Jan 18, 2010 17:33
A good friend recently said something that has been giving me a lot to think about. He said that when he gets aroused his personality changes. He notices a difference and it can be hard to control, and I realized it’s the same fore me. It was like something clicked, at least in my head it felt like it did. For a very long time now I have contemplated the juxtaposition of societal views on sex and my own personal choices and the opinion of my generation. Finally the question has boiled down to what does it really matter? Society, religious or not, tends to lean conservatively towards sex and sexual behavior. For example, two people who don’t know each other spend the night together on New Years Eve. Society views them as deviants, people like my mother call them “hosebags”.

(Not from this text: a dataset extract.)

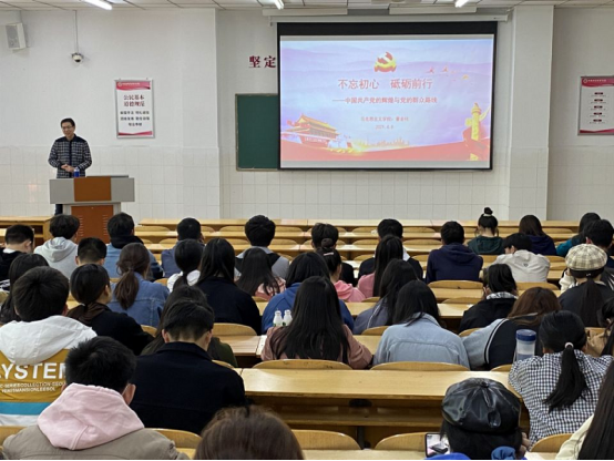 4月8日下午,马克思主义学院董金柱博士以《不忘初心,砥砺前行——中国共产党的辉煌与党的群众路线》为题,在英才校区W-109教室为文法学院2020级学生作专题讲座。

It’s this opinion that nags at me. Men are also looked down upon for this type of “sexual deviancy” but it’s socially acceptable for men. What was the entire women’s liberation movement for if not to at least give both genders an equal playing field socially? Granted that safe sex isn’t 100% safe, there are still dangerous to living a sexually free lifestyle. However, it still comes down to the individual’s right to choose how they live. My generation seems to be more open towards this sexually free ideal and I would like to think that the men in my generation don’t see women as hosebags, but rather as equals.
In my own pursuits for affection I have often come across a phenomenon where men desire me sexually but they aren’t interested in anything else. Not that I have the free time or desire for a clingy, committed relationship, I just can’t fathom that anyone would want to get naked and fuck someone they aren’t even remotely interested in hanging out with. A fuck buddy just isn’t any fun unless you can enjoy their company. No one likes the friend that only comes around when they want something. There are names for those kinds of friends, fair-weather friends. This is where my own personal desires blur the line between casual sex and relationship. It makes things difficult to define what I want. I just want to feel close to people and to enjoy their company. No social constraints or definitions just two people enjoying a friendship. Is that even possible anymore?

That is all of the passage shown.